07.09.2012

CFTC to Vote on Swap Definitions

07.09.2012
Terry Flanagan

As the endgame for Dodd-Frank implementation nears, regulators and market participants are gauging the impact of swaps regulation on operations and productivity.

“While it may be clear that something like clearing OTCs will mitigate risk, it does take a significant investment to implement change and meet these types of evolving requirements,” said Jeremy Skaling, head of product management at Eagle Investment Systems, a technology provider.

“When faced with these increased demands, already stretched operations with ageing systems can struggle to meet the challenge or look to solutions keeping pace.”

The Commodity Futures Trading Commission (CFTC) will vote on Tuesday on the definition of a “swap”, the final step in critical reform that will trigger banks and traders to comply with costly new derivatives rules.

The final rule will set the scope of trades and trigger the clock for key compliance dates for big swaps players to start registering with regulators and reporting their trades.

“Once the definition of a ‘swap’ comes out, this will require all market participants to figure out which transactions they enter into are ‘swaps’ subject to Dodd-Frank, and which transactions are not ‘swaps’ in the first place,” said Andrea Kramer, partner and head of law firm McDermott Will & Emery’s financial products, trading and derivatives group.

“I am keenly interested in seeing what the CFTC and SEC do with those products that are arguably ‘swaps’ by the Dodd-Frank statutory definition, but should not be treated as ‘swaps’ because they are already regulated by other regulators, such as FERC,” Kramer said.

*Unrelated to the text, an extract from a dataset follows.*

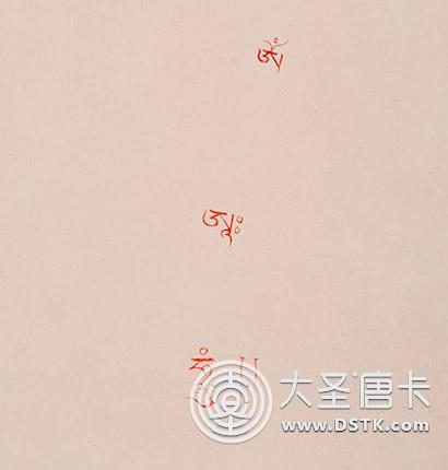 唐卡畫完后開光時,高僧大德一般在唐卡背面佛像,口意種子字"嗡阿吽",以顯現其加持之力。"嗡阿吽"三種子字是三世諸佛的心髓,也是一切佛菩薩身語意的根本種子字。

In April, the CFTC and Securities and Exchange Commission (SEC) published final rules—the “definitional rules”—defining the terms “swap dealer”, “security-based swap dealer”, “major swap participant” and “major security-based swap participant”.

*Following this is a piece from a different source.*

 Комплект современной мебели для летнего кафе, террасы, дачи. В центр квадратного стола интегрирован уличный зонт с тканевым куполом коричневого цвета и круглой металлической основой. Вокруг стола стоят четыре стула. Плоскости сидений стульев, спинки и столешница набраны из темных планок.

Those rules, along with the cross-border rules, provide the foundation for all the other rules, the SEC noted in its policy statement.

The SEC’s proposed sequencing groups rulemaking into five categories: definitional and cross-border rules; reporting of swaps transactions to swap data repositories; swaps clearing; registration of swap dealers and major swap participants; and regulation of swap execution facilities (SEFs).

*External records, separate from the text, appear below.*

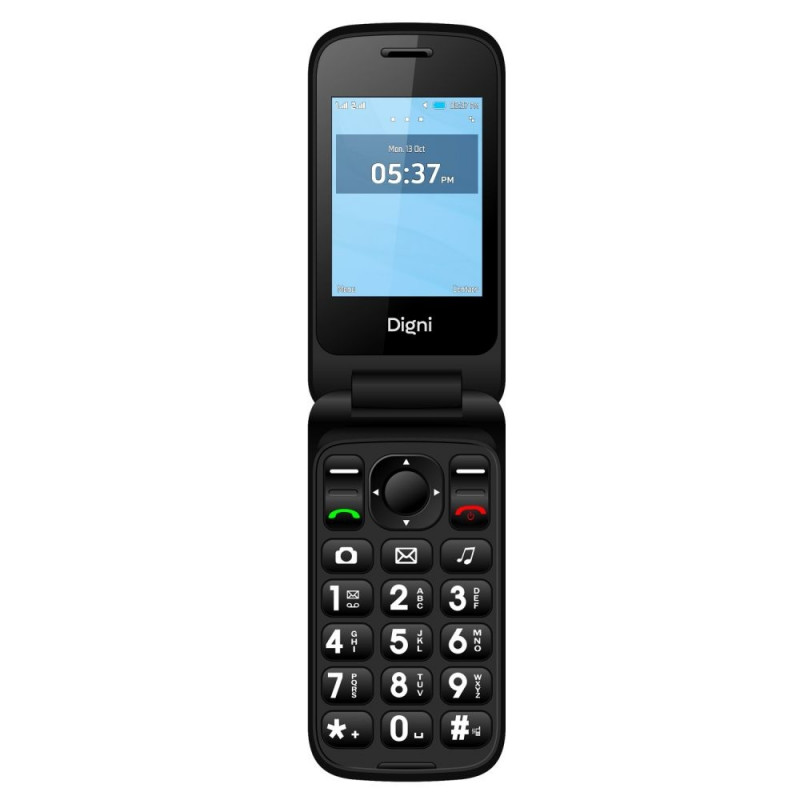 Making calls and sending texts has never been easier! Digni Flip was designed with a user-friendly keyboard with big buttons and clearly labelled keys that can be voiced for simple navigation. The font size on the keypad is also larger, ensuring maximum visibility and ease of use for seniors.
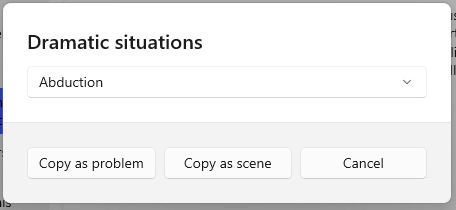 This tool works with the Scene tab on the Plot form to help define the conflict for a scene. If you select Copy from the Dramatic Situations form, the elements of the situation you have selected will be copied into the elements on the Scene tab of the Plot form for the currently selected plot point.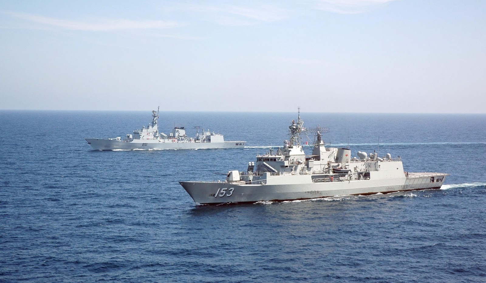 Description: Two ships in the ocean with one larger one in the water and one smaller one in the water with a smaller one.

“This stress is forcing the industry to search for alternatives to age-old processes and procedures and enhanced solutions for managing the increasing volume of data to meet regulatory demands,” said Skaling at Eagle Investment Systems.

The Dodd-Frank Act will divide regulatory authority over swap agreements between the CFTC and SEC.
The SEC has regulatory authority over “security-based swaps”, which are defined as swaps based on a single security or loan or a narrow-based group or index of securities, or events relating to a single issuer or issuers of securities in a narrow-based security index.

The CFTC, meanwhile, regulates credit default swaps on broad-based security indices, while the SEC regulates them on narrow-based security indices (as well as credit default swaps on single name securities or loans).